Two days later, I was in the doctor’s office with a bladder infection.

Shopping for bathing suits can be traumatic, no doubt about it. But I would argue that getting your Pleasure Palace photographed by a former tractor salesperson is right up there. So to speak.

A Menopause Bucket List

It was inevitable.

Last month I touched down in the Kingdom of Menopause. I arrived first class (natch!), a glass of Sauvignon Blanc in one hand, a bottle of herbal hot flash pills in the other.

So what’s a girl to do? Turns out, lots.  With love in my heart and three extra inches around my waist, I present you with my Menopause Bucket List:

1. Lose six pounds (that was a no-brainer).

2. Send out a search-and-rescue team to locate my long-lost libido.

3. Invent melt-proof foundation.

4. Find a creative use for that box of super-jumbo maxi pads in the bathroom cabinet.

4a. Teacup chihuahua daybeds?

5. Find a Kegel app. Anything I can do to avoid becoming Menopausal Pee Lady.

6. Start doing crossword puzzles to stave off Brain Fog Syndrome.

7. Shit. I forgot what number 7 was.

8. Wear a rubber band around my wrist and snap it each time I listen to smooth jazz.

8a. I haven’t yet listened to smooth jazz. That was just a preventive measure.

9. Never, ever publicly announce I’m having a hot flash. Ever.

10. Consider changing the name of this blog, as I’ve permanently vacated the Land of Perimenopause.

So there you have it, darlings. What’s on your Menopause Bucket List?

Anesthesia is Overrated

Okay, so I’m feeling a little ripped off. Yesterday was my Icky Surgical Procedure and I was all psyched for the euphoria that was supposed to take me to higher heights once they started pumping the Happy Juice into my i.v.

I’m convinced they slipped me some Happy Juice Lite, because all I can remember was being led to the surgery room by the nurse, getting situated onto the bed, and the anesthesiologist telling me that he was about to give me something to help me relax.
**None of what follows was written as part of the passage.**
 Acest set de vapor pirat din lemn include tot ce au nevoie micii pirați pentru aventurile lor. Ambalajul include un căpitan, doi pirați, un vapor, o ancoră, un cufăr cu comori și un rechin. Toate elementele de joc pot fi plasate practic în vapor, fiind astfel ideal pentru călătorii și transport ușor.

After that, nothing. I was in the middle of an very serious dream involving two fedora-wearing, 1950s-era businessmen with bad teeth when I heard a voice saying, “OK, time to wake up.”
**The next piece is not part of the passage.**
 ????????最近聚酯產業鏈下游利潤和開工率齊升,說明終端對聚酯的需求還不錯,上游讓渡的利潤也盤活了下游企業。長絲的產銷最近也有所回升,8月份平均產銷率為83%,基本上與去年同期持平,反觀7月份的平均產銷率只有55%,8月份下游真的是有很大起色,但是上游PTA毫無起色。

Looking down at me were the Hot Hot Husband and the recovery room nurse. Giddy happiness as I was being led to the op room? None. Carefree laughter and cajoling with the op room staff? Zilch. Channeling my inner flower child after all was said and done? Nada.  So, what happened? All I got out of the Hot Hot Husband today was that the op room nurse told him I regaled her with a brief account of a “former employer” and, in the spirit of camaraderie, warned her that “Sometimes you have to work with assholes.” She wholeheartedly agreed. But of course I don’t recall one syllable of this lively discussion on the hazards of working for someone else, because my brain was in an alternate universe at the time.
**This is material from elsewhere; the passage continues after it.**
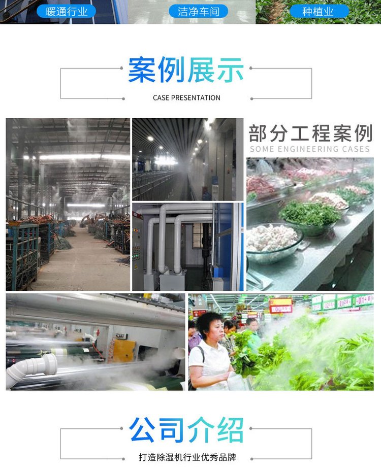 工业生产加湿机运用在汽车涂装制造行业,烟草行业,包装印刷制造行业,纺织业,电信网制造行业,冻库冷藏制造行业,高端酒店、办公楼内、独栋别墅电子产业,几类工业生产加湿机都有益处,应依据应用要求给予挑选。

But on to the meat of the matter (SQUEAMISH READER ALERT: skip this paragraph if medical details make you feel lightheaded). True to her word, my doc took four glamour shots of the inside of my uterus. Two showed velvety-smooth, blushing pink walls. The other two each revealed a filmy white growth clinging to the rosy surface of the uterus. If the Hot Hot Husband heard my doc right (and if he’s not lying so as “not to worry me”), she didn’t seem at all concerned about the growths and simply extracted them, shipping the tissue off to the lab. Now I get to wait until May 11 to find out the test results. The cool thing is I get to skip a period this month, since the doc squeegeed the walls of my womb and it’s brand-spankin’ clean until the next cycle begins.

For now I’m evaluating the artistic merits of posting photos of my inner sanctum on the blog, or maybe even using the images on our holiday cards this year.  Full disclosure—that last one was my doc’s idea. You can see why I love her. But I’ve settled on making a vow to get more exercise and finally buying that BPA-free bottle to take with me to the gym.  The wisdom to be gleaned, Gentle Reader, is that tests for cancer make one stop and re-think past insults to the body and resolve to live a cleaner life going forward. In the immortal words of that most famously feisty of southern belles, “Tomorrow is another day.”